Ihre Freitag-Redaktion

Danke und tschüss Bernie?!

Foto: Scott Olson/Getty Images

"Fünf Lehren aus dem Super Tuesday" hat Marc Pitzke, der treue US-Korrespondent des Spiegels, parat. Und er berichtet uns aus Los Angeles nun folgende Lehre: "Danke und tschüss Bernie". Dass die US-Medien Sanders als Störenfried und Hillary Clinton als Establishment-Heilsbringerin verstehen, ist ja noch im Rahmen des US-Systems nachvollziehbar. Dass Pitzke auf diesen Zug immer und immer wieder aufspringt, ist dennoch bemerkenswert. Verfolgt man pure Zahlen und geradezu alle Medien in Deutschland und die allermeisten in den USA ist Bernie Sanders seit dem Super Tuesday erledigt. Und das, so fühlt sich die Berichterstattung an, zum Glück. Endlich kann Hillary durchmarschieren und sich mit Donald Trump anlegen.

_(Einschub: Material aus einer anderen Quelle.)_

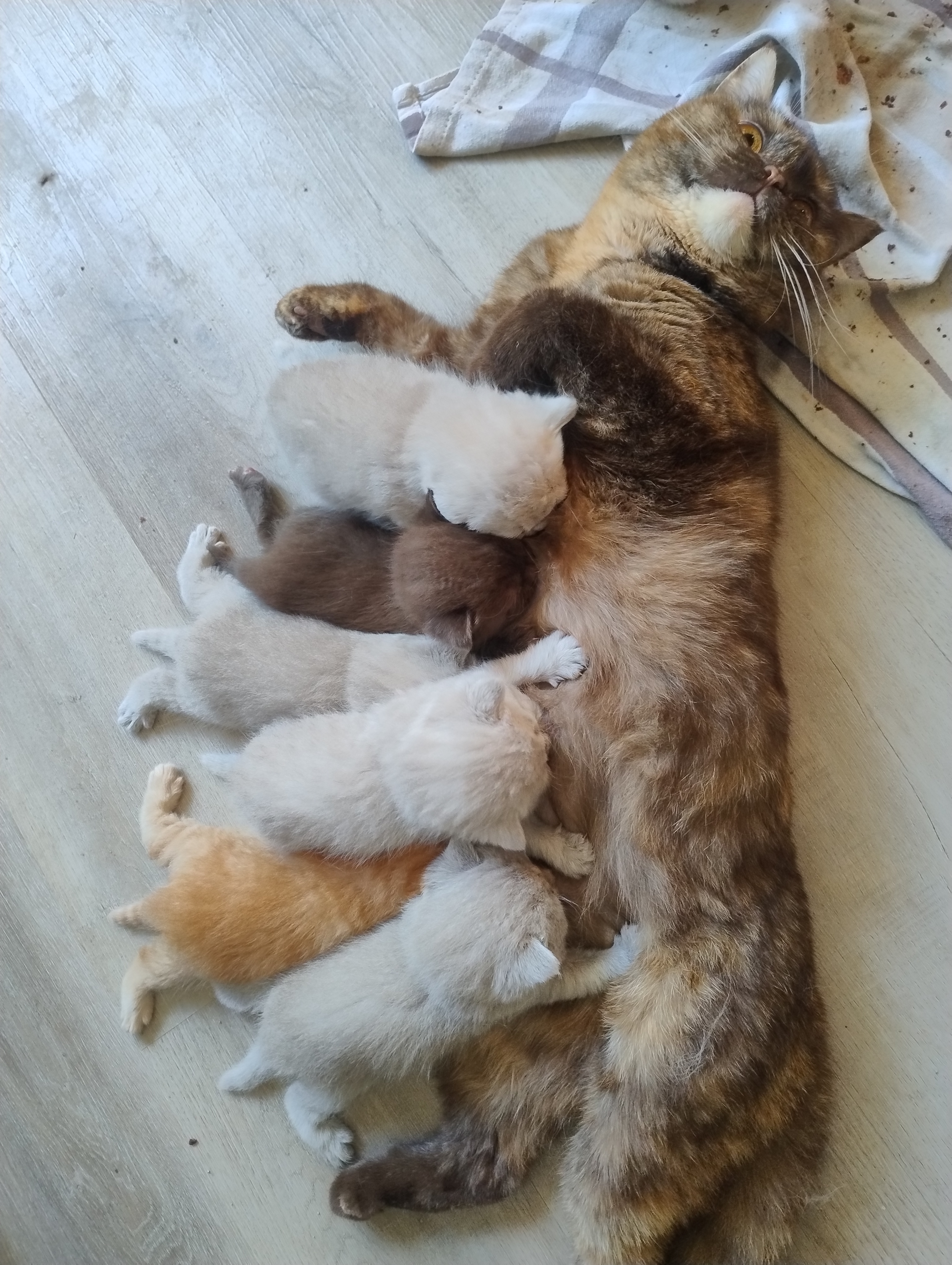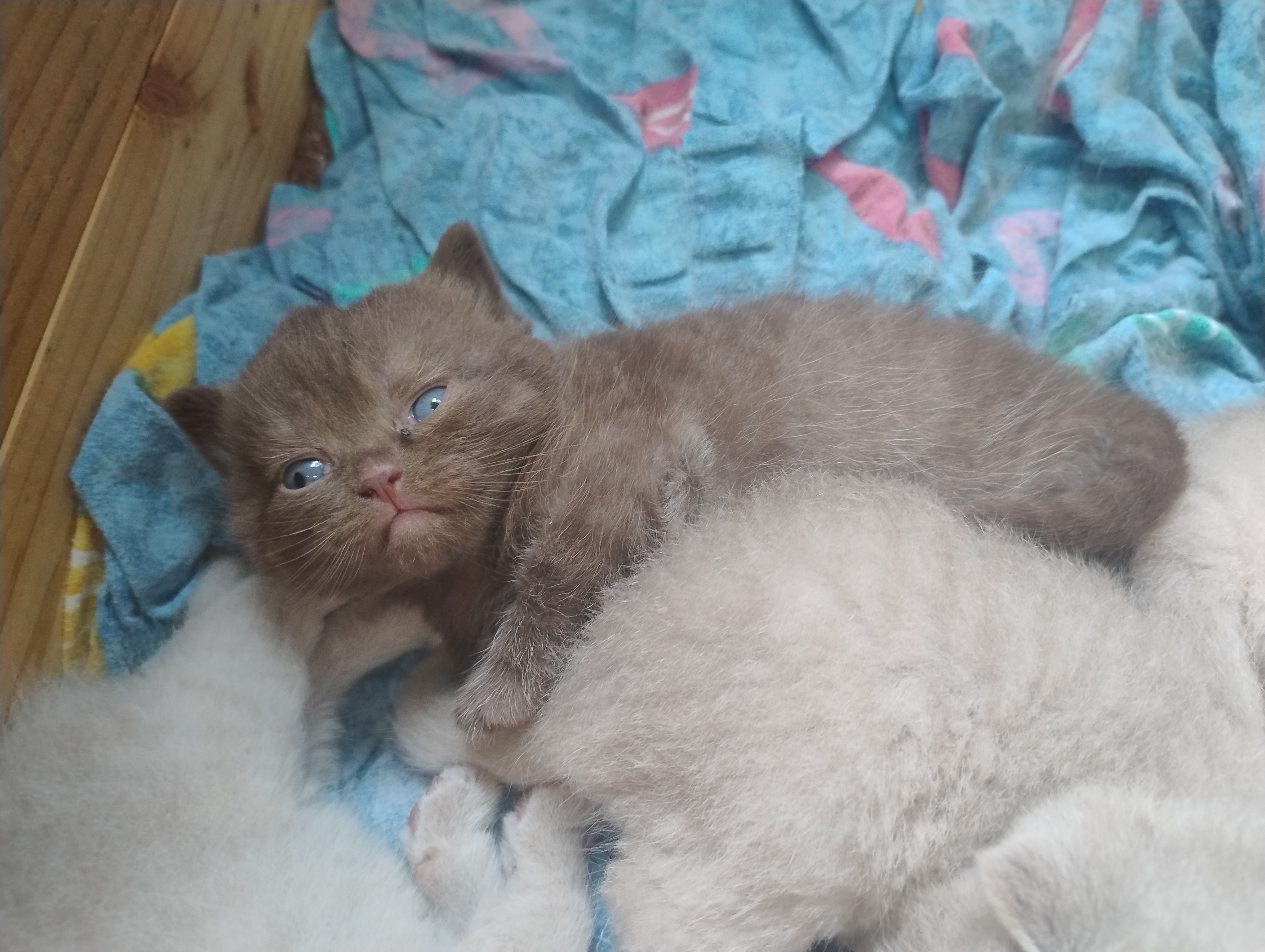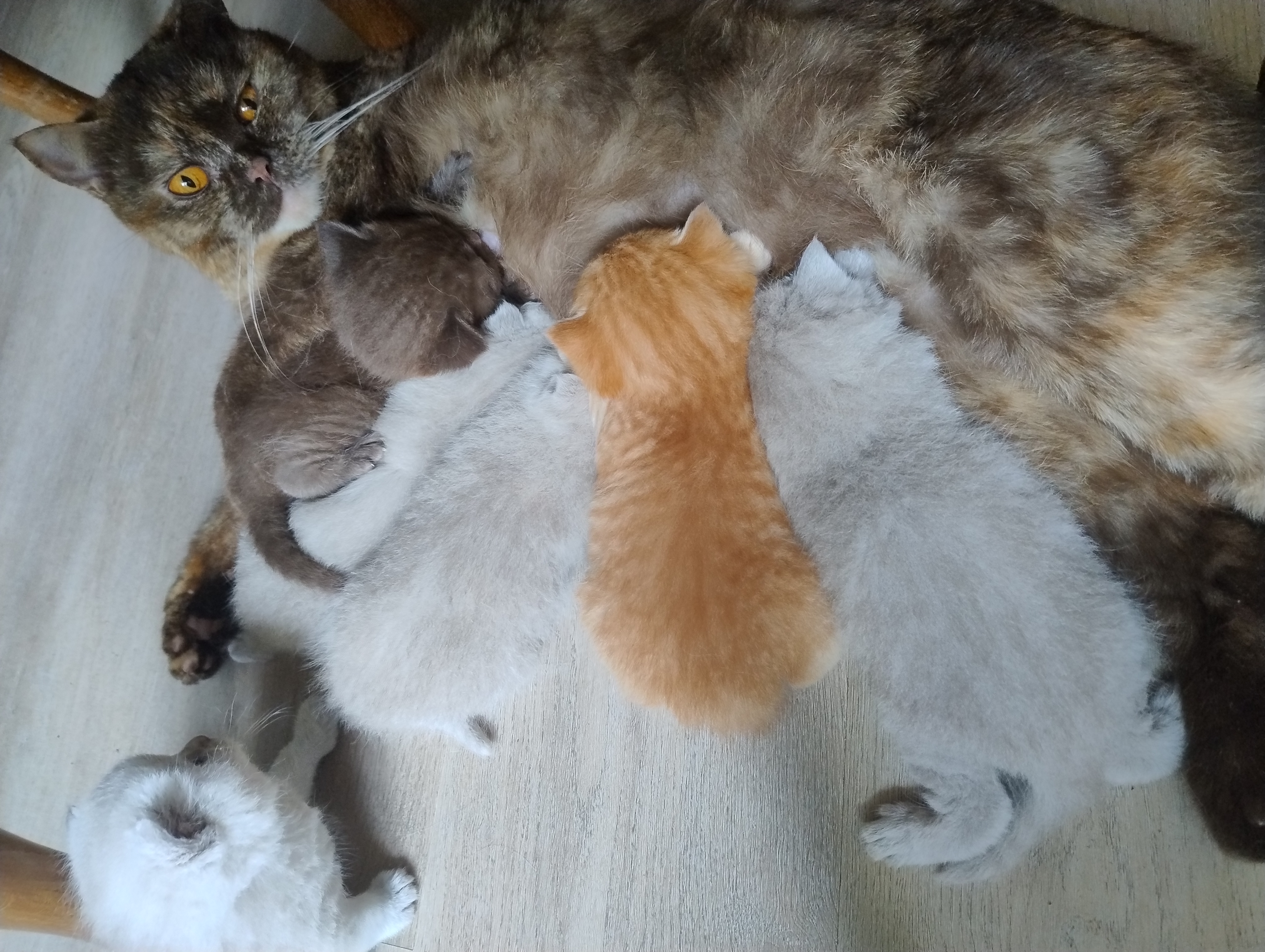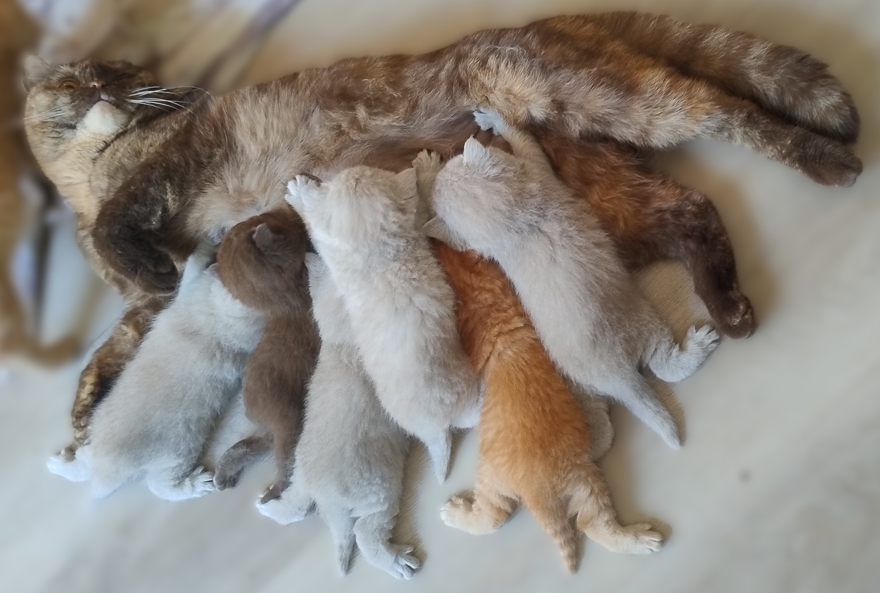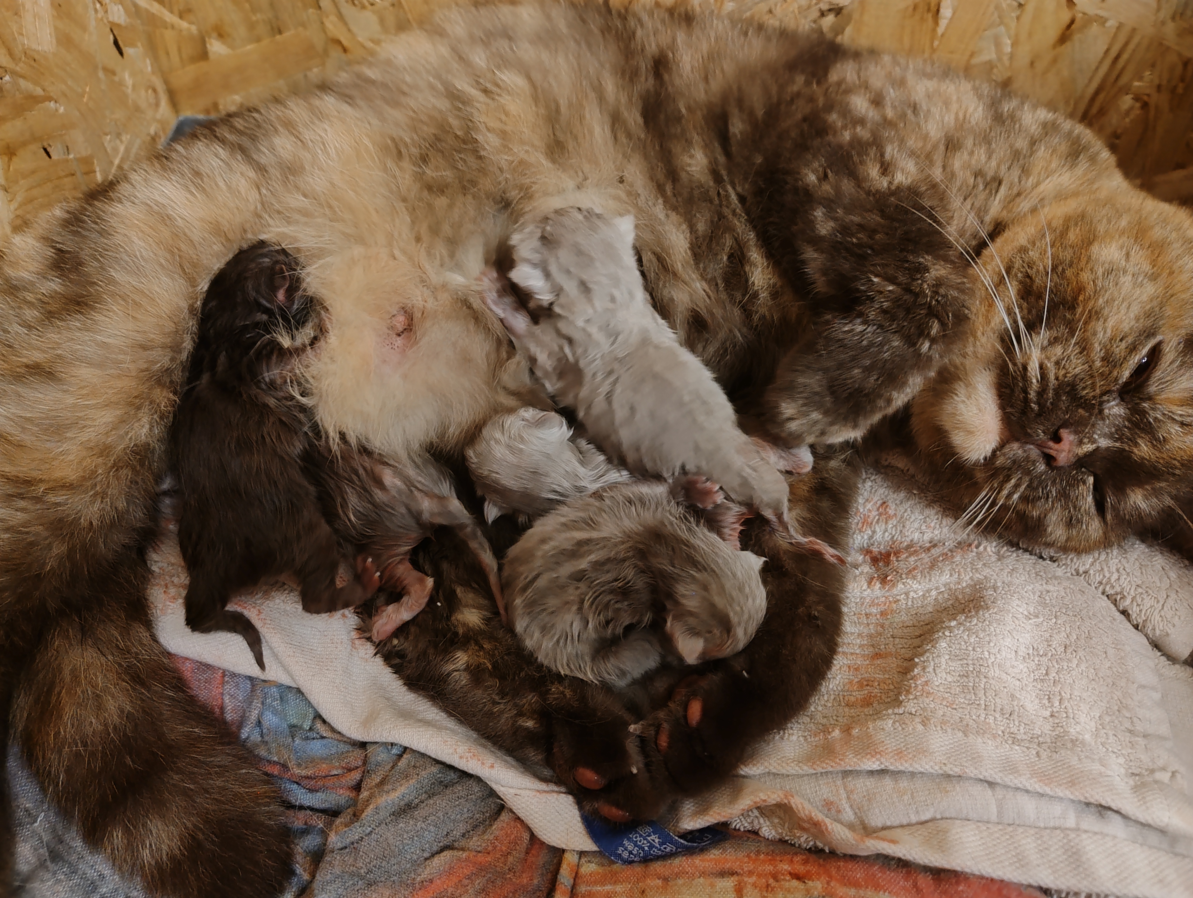 Die kleinen BKHs nehmen gut an Gewicht zu, und es einige Äuglein sind bereits offen, die anderen dabei sich zu öffnen. Mama Dörte geht es auch gut, sie kümmert sich Klasse um ihre Jünglinge.

Dass weder Hillary Clinton noch Donald Trump zu diesem Zeitpunkt sicher mit der Nominierung rechnen können, ist eine Tatsache, die zugunsten eines festgefahrenen Pressenarrativs bis zur Unkenntlichkeit verblasst ist. Dass Bernie Sanders nach dem Super Tuesday mehr Delegierte in der Tasche hat als 2008 Barack Obama in seinem Wahlkampf gegen Clinton hatte, spielt offenbar keine Rolle. Dass die Südstaaten, die beim Super Tuesday Clinton gute Gewinne einfuhren, demographisch bereits lang entschieden waren, wohingegen viele der noch verbleibenden Staaten eher zu Bernie Sanders' Vorteil aufgestellt sind - auch das ist offenbar irrelevant. Die Medien sehnen sich nach einer Status-Quo-Kandidatin namens Clinton.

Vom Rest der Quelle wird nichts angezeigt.